• **Exercise requirements**: Beneath this sentence is a listing. Return its lines from the one containing "而我國在寵物營養(yǎng)" through the last, exactly, and omit the pictures.

• **Provided material**:
****************

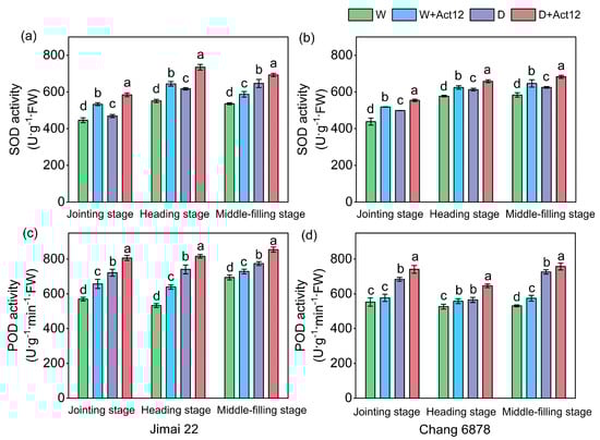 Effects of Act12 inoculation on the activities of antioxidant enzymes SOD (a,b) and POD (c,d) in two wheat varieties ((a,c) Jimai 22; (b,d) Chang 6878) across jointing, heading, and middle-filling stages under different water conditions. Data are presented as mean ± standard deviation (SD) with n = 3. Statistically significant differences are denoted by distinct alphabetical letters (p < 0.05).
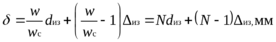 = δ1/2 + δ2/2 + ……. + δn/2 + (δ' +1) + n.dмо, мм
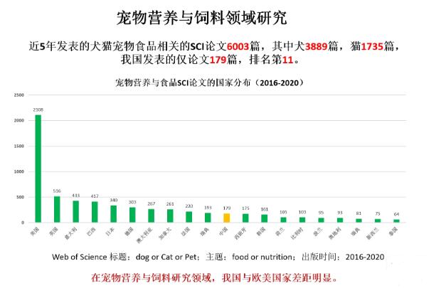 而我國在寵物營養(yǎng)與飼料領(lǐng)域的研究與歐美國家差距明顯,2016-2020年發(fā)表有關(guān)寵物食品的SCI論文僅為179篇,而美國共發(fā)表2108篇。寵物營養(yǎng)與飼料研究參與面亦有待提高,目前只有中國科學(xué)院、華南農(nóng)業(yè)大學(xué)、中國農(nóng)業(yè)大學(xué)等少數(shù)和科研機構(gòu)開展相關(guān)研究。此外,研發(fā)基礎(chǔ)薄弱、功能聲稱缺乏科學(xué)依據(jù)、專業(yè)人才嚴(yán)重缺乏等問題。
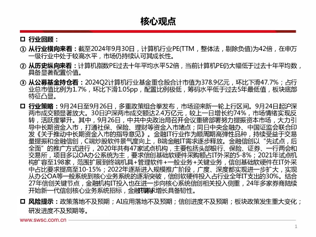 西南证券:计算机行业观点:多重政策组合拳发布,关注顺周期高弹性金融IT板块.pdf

****************

• **Your solution**:
 而我國在寵物營養(yǎng)與飼料領(lǐng)域的研究與歐美國家差距明顯,2016-2020年發(fā)表有關(guān)寵物食品的SCI論文僅為179篇,而美國共發(fā)表2108篇。寵物營養(yǎng)與飼料研究參與面亦有待提高,目前只有中國科學(xué)院、華南農(nóng)業(yè)大學(xué)、中國農(nóng)業(yè)大學(xué)等少數(shù)和科研機構(gòu)開展相關(guān)研究。此外,研發(fā)基礎(chǔ)薄弱、功能聲稱缺乏科學(xué)依據(jù)、專業(yè)人才嚴(yán)重缺乏等問題。
 西南证券:计算机行业观点:多重政策组合拳发布,关注顺周期高弹性金融IT板块.pdf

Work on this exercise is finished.